For each product, the node checks the primary image against each selected destination's requirements:
- Resolution: minimum width/height, recommended resolution
- Format: allowed image formats (JPEG, PNG, WebP, etc.)
- File size: maximum allowed by the platform
- Aspect ratio: preferred ratios per destination
When Smart Image Selection is enabled and the primary image fails, the node scores all other Shopify images using:
- Destination requirement compliance (required)
- Resolution quality (higher = better)
- Aspect ratio match for the destination
- Cached Claude vision analysis (professional quality, product visibility, background cleanliness)

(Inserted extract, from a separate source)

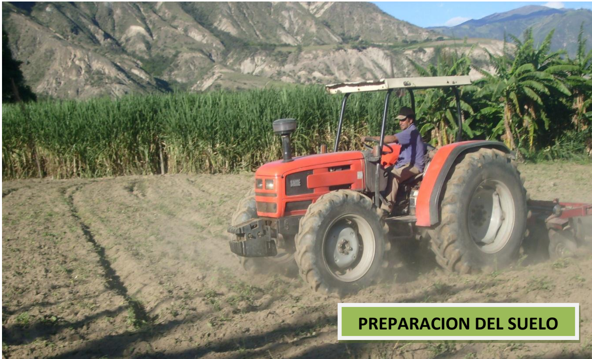
PREPARACION DEL SUELO

Results appear as suggestion cards in the approval queue, each showing the violation and (if applicable) the recommended alternative image.
Pre-sync vs Post-sync
This node runs before the write step because it validates source images against platform requirements (documented rules). The separate AI Image Audit node runs after writing because it compares source images against what the destination actually served back — which doesn't exist until after the write + status poll.
Example use cases
Syncer kit: Add this node between fetch and write. Enable all destinations. Turn on smart fallback. The node catches "image too small for Amazon" or "wrong format for TikTok" before they hit the platform APIs.

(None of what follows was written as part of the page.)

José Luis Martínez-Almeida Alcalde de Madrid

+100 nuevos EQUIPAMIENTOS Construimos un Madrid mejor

Note: In v3, AI nodes are available in the Catalog Feed Syncer kit only (bulk_delegate execution mode). Per-product execution for use in other kits is planned for v4.
AI Image Audit (v3)
Type: ai_image_audit
Compares source images against destination-served images after sync to detect visual changes introduced by the platform (cropping, compression, color shifts, watermarks). Uses perceptual hashing (pHash) for fast comparison, escalating to Claude vision analysis for detailed diffs when changes exceed the threshold.
Properties
| Property | Type | Description |
|---|---|---|
destinations[] | string[] | Which destinations to audit images for. |
systemPrompt | string | Override the default vision analysis prompt. |
model | string | LLM model for vision escalation. Default: Claude Haiku 4.5 (supports vision). |
pHashThreshold | number | Hamming distance threshold (0–64). 0 = identical, 64 = completely different. Default: 12, which catches meaningful changes while ignoring minor compression artifacts. |
confidenceThreshold | number | Minimum confidence to surface in approval queue. Default: 0.7. |
executionMode | string | bulk_delegate (default). Per-product mode planned for v4. |
How it works
Post-sync only. Runs after the status poll step — must come after the write step so destination-served images exist.

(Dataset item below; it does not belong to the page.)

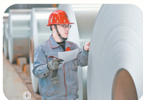
图① 山西建龙实业有限公司车间内，质检员在对产品质量进行检测。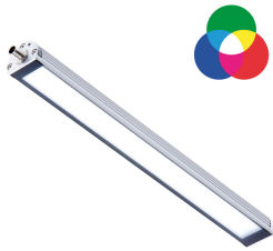
Darstellbares Farbspektrum / Displayable colour spectrum

For each successfully-synced product:
- Computes the pHash of the source image
- Fetches the image as served by the destination platform
- Computes the pHash of the destination-served image
- Compares via Hamming distance
If the distance exceeds pHashThreshold:
- Low severity (distance 13–20): logged but may be suppressed
- Medium severity (distance 21–32): escalated to Claude vision for detailed diff description
- High severity (distance 33+): always escalated and flagged
Claude vision analysis returns structured output: {same, differences[], severity, confidence} — describing what changed (cropping, color shift, quality degradation, etc.).
Example use case
A Syncer agent syncs 500 products to Google Merchant. After the write + status poll, the audit node discovers that 3 products have images that Google cropped significantly (pHash distance 28). Claude vision identifies "Product partially cut off on the right side due to automatic square cropping." The suggestion card shows a side-by-side comparison with the description, and the user can choose to re-upload a pre-cropped version.